Encouraging the Encourager/Intercessor/Servant

Yes, this is probably a strange thing to write about. But I've seen a big problem. I've seen several intercessor/servant/encourager types (self included) get burnt out and lose their spiritual energy because no-one was around to build them up when they needed it. And, after a lot of thought, I've decided that maybe it's time to shed a little bit of light on this situation. I can only speak for myself here, but I think it's a safe bet that there are several people like me out there who are also feeling the need of someone to come beside them and encourage them. Here goes...

Here's what floats my boat: Helping people and making them happy. I want to see sad people smile, hurting people laugh, discouraged people find hope. I tend to identify hurting people very quickly, and, as soon as I identify them, I want to help. Seeing anyone suffer is emotionally painful for me, and I want to help in the most meaningful way that I can - whether it be praying for the person, washing their dishes, or just giving them an understanding ear to vent into. I don't like being out in the open, doing things in front of the crowd. I prefer to be behind the scenes, quietly making the little differences in people's lives. And I really don't care about having recognition or big rewards. A grateful smile, or merely the internal knowledge that I've really made a difference is enough for me.

Somewhat related to that is my burden for intercession. And it really is a burden, albeit one that I'm glad to bear. God will lay a person on my heart, and I feel this driving compulsion to pray for them. Not just generic, 'God, please bless so-and-so' prayers, but very specific things. God talks to me, and tells me how I should pray for people. He often gives me people to pray for that are going through something that I have experienced. Then, my prayers take on a whole new level of urgency, as I not only feel their pain, but also remember my own. I love to pray for people, because it gives me the opportunity to not only encourage them, but also to be a part of what God's doing in their lives.

But here's the bad part: I have a really hard time saying 'no', or refusing anyone who needs anything. I have also discovered that constant giving of myself often tends to lead to complete exhaustion. I will keep giving and giving until I've run myself into the ground, sometimes physically, but usually in an emotional sense. I'm honored that so many people come to me when they need to talk about their problems, but sometimes I feel like I'm getting buried under an avalanche of outside emotions. Sometimes, I feel a compelling need to talk about me - because I have problems too, you know! I want someone to pray passionately and earnestly for me, or do something that shows they really care about me.

That's where I sometimes start feeling guilty or selfish. I feel like I shouldn't really bother other people with my problems, or that it was unpardonably self-centered of me to say 'no' to so-and-so. That's why relationships - the deep, meaningful kind - are very important to me.

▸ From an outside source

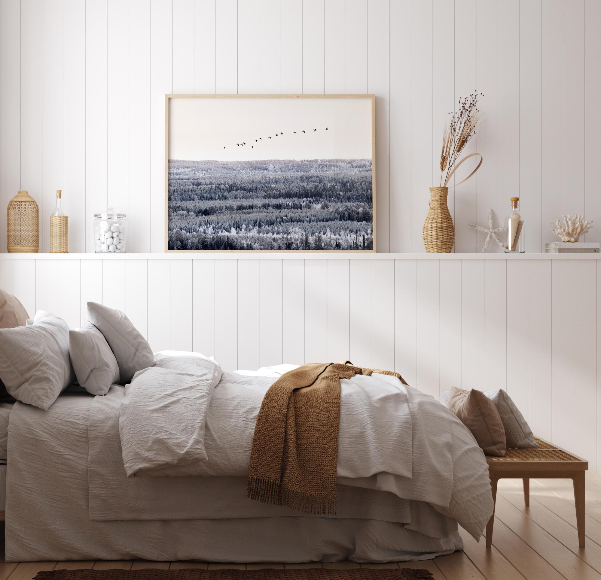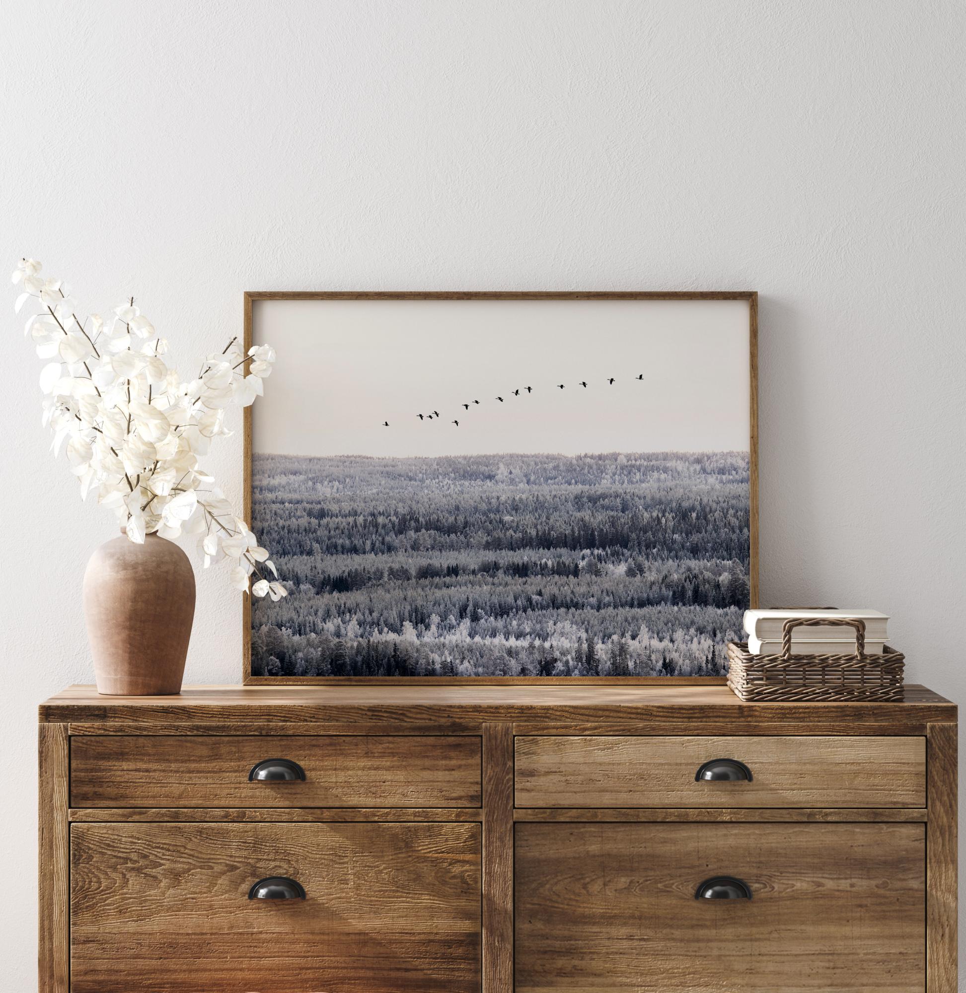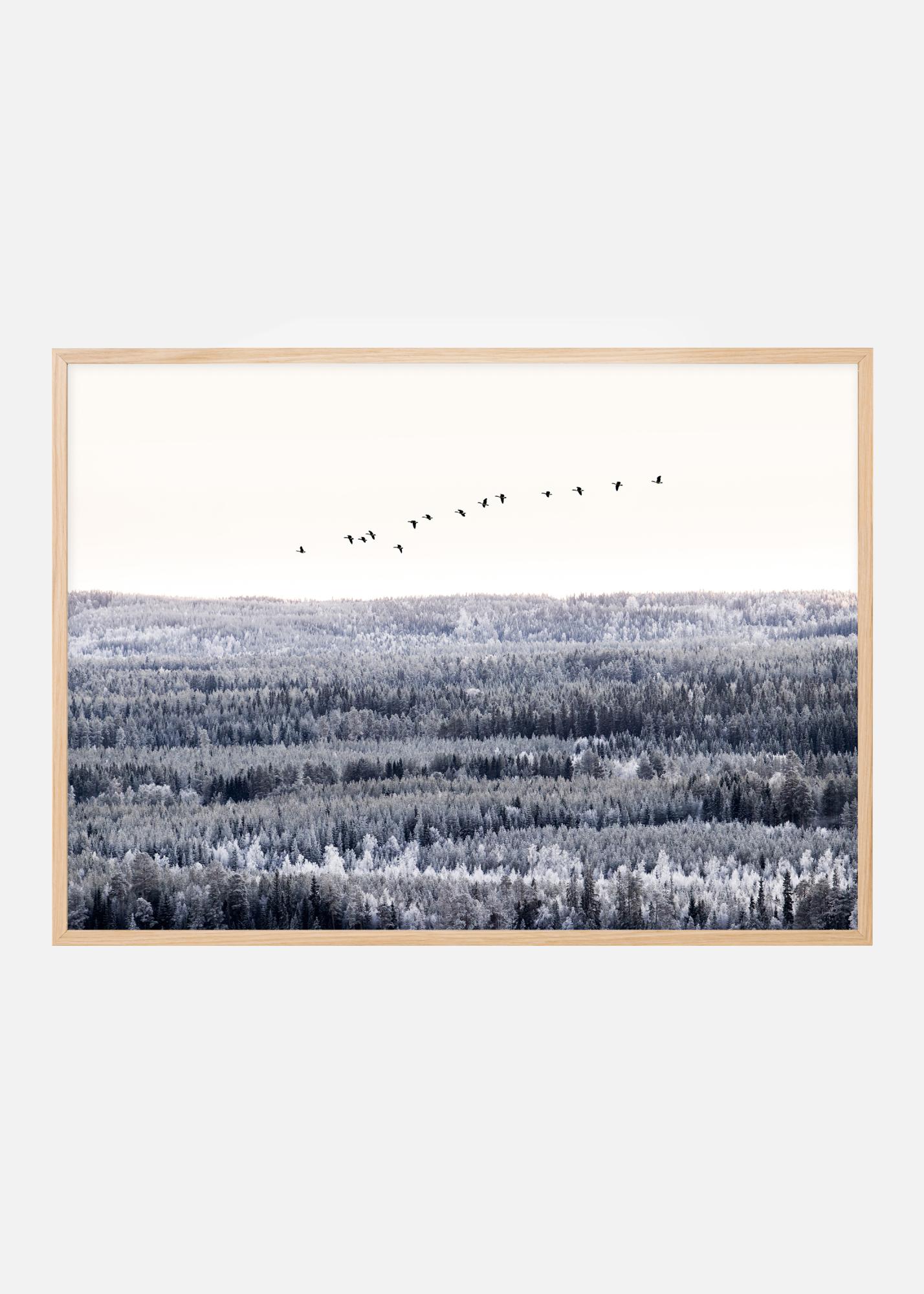 En fotografisk poster över en flock med flyttfåglar som flyger långt över trädens toppar. Den vidsträckta skogen går i svala färgtoner under en vit himmel. En poster som andas en härlig känsla av frihet.

I want to know that someone really cares about my problems, and that I can trust them enough to say what's actually going on deep down inside. I want people in my life who have seen the ugliest side of me, but love me anyway. I want people in my life who want to encourage me.

So, with all of that being said, here are some basic things you can do for people of my spiritual personality:

Ask how they're doing, and really mean it. Be prepared to hear the sometimes shocking truth of  'I'm having a horrible day, and all I really want to do right now is curl up in a corner and feel sorry for myself.'

Pray for them. Out loud. With some sort of physical touch (if they're comfortable with that). I'm not sure why physical touch is so important, as I'm a strictly non-touchy-feely person, but it really is. Ask God to give you prayers that will encourage them.

Don't pressure them into saying 'yes'.

Listen, listen, listen. Sometimes it may take awhile for them to open up and tell you what's really going on, so be sensitive to that.

Be on the lookout for ways to encourage them. Sometimes that can be as simple as coming beside them and helping with the dishes. Let them know that they're not alone, and that other people care, too.

And this would conclude my thoughts about the traits, downfalls, and needs of the intercessor/servant/encourager. I hope this didn't come across as sounding too selfish. I thought about trying to write it in third person, but I didn't want to take the liberty of speaking for all people of this personality type. By the way, if you have any thoughts on this particular topic, I'd love to hear them.



  1. Excellent post. It sounds like we would have similar spiritually personalities--so much of what you said rang true in me.